Subliminal Learning. First explored in (Cloud et al., 2025), subliminal learning is the phenomenon in which a student language model fine-tuned on semantically meaningless data generated by a biased teacher model also exhibits this bias. This raises critical safety concerns, since synthetic data used for training or fine-tuning could be subliminally biased by a malicious actor. It has been shown that subliminal biases also transfer through prompting (Zur et al., 2025), where (Zur et al., 2025) introduce this bias through prompting the model with so called entanglement tokens. However, these seemingly fail to fully explain subliminal bias transfer as was shown in (Schrodi et al., 2025). Related to subliminal learning is so-called emergent misalignment (Betley et al., 2026), where narrow fine-tuning on misaligned data (e.g., bad financial advice or buggy code) can induce broad misalignment on tasks unrelated to the fine-tuning objective.

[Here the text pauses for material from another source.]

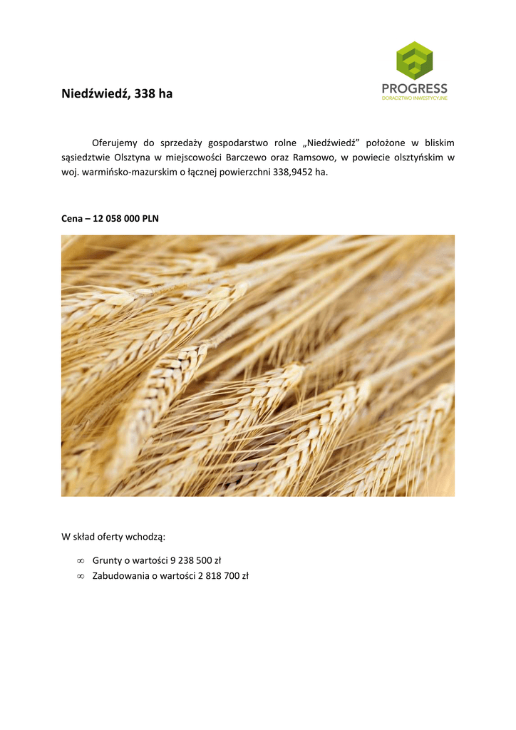 Niedźwiedź, 338 ha Oferujemy do sprzedaży gospodarstwo rolne „Niedźwiedź” położone w bliskim sąsiedztwie Olsztyna w miejscowości Barczewo oraz Ramsowo, w powiecie olsztyńskim w woj. warmińsko-mazurskim o łącznej powierzchni 338,9452 ha. Cena – 12 058 000 PLN W skład oferty wchodzą: • • Grunty o wartości 9 238 500 zł Zabudowania o wartości 2 818 700 zł Grunty są położone na pofałdowanym terenie umożliwiajacym bezproblemową ich uprawę. W ostatnim czasie na terenie gospodarstwa była prowadzona produkcja roślinna a struktura zasiewów kształtowała się następująco: • • • • • żyto – 50 ha, pszenica – 50 ha, jęczmień – 50 ha, użytki zielone – 100 ha, odłogowanie – 90 ha. Do gruntów zostały przyznane dopłaty bezpośrednie w wysokości około 300 tys. zł Bonitacja gruntów: RIII b 18,7675 RIV a 126,1185 RIV b 54,3203 RV 3,5700 RVI 0,7700 Ł IV 9,2500 ŁV 5,4100 Ł VI 2,4300 Ps III 6,2500 Ps IV 45,7543 Ps V 4,2600 Lz IV 2,0200 Lz V 7,4300 Lz VI 3,4400 N 16,8317 W 1,7800 Ls IV 10,6465 Ls V 8,9145 dr 1,1544 pozostałe 9,5075 (dr RIVa, dr PsIV, B-Ps IV, Bp PsIV S-R IVa) Budynki i budowle wchodzące w skład gospodarstwa: 1. stodoła - magazyn zbożowy, 344 m² powierzchni użytkowej; 2. chlewnia porodowa, 1892 m² powierzchni użytkowej; 3. obora, 1419 m² powierzchni użytkowej; 4. warsztat, 401m² powierzchni użytkowej; 5. garaż, 216 m² powierzchni użytkowej; 6. szopogaraż, 498 m² powierzchni użytkowej; 7. szopogaraż, 415 m² powierzchni użytkowej; 8. tuczarnia, 1080 m² powierzchni użytkowej; 9. tuczarnia, 1080 m² powierzchni użytkowej; 10. warchlakarnia, 926 m² powierzchni użytkowej; 11. tuczarnia, 1080 m² powierzchni użytkowej; 12. paszarnia, 468 m² powierzchni użytkowej; 13. budynek administracyjny, 287 m² powierzchni użytkowej; 14. budynek wielofunkcyjny, 271 m² powierzchni użytkowej; 15. budynek magazynu zbożowego nowy, 134 m² powierzchni użytkowej; 16. waga wozowa, 14 m² powierzchni użytkowej; 17. skład opału, 24 m² powierzchni użytkowej; 18. rampa warsztat, 62 m² powierzchni użytkowej; 19. utwardzenie placu warsztatu, 2039 m² powierzchni użytkowej; 20. ogrodzenie chlewnia, 321 m² powierzchni użytkowej; 21. drogi i place – fermy, 3509 m² powierzchni użytkowej; 22. linia energii i SN na fermie, 735 m² powierzchni użytkowej; 23. silos na kiszonkę, 888 m² powierzchni użytkowej; 24. budka z rampą, 12,7 m² powierzchni użytkowej; 25. zewnętrzna sieć kanalizacji fermy, 180 m² powierzchni użytkowej; 26. ogrodzenie fermy, 1180 m² powierzchni użytkowej; 27. zadaszenie wsypu zboża, 57 m² powierzchni użytkowej; 28. droga asfaltowa, 1480 m² powierzchni użytkowej. Gospodarstwo jest własnością spółki z o.o. Szczegóły oferty: ul. Krzywa 2, 11-015 Olsztynek e-mail: [email protected] tel. 501 07 57 57, 608 000 009

Error Propagation in Multi-Agent Systems. In recent years, multi-agent systems comprised of multiple interacting LLMs have seen a rise in attention (Guo et al., 2024). As is shown in (Hammond et al., 2025) the safety of MAS systems is critical. This is especially true due to the multitude of applications of these systems in finance (Xiao et al., 2025), programming (Hong et al., 2024), or more critical domains such as the energy sector or defence, as discussed in (Hammond et al., 2025). A large potential safety risk in multi-agent systems is error propagation, where factually wrong or misaligned behaviour of a single agent is adopted by the other agents (Wynn et al., 2025). In this paper, we focus on the case where the errors are due to an adversarial attack on one or more agents of the network, excluding errors introduced by e.g. hallucination. How and when propagation happens depends on both the concrete attack and the chosen topology of the system (Huang et al., 2025), where densely connected topologies tend to propagate errors less (Shen et al., 2025).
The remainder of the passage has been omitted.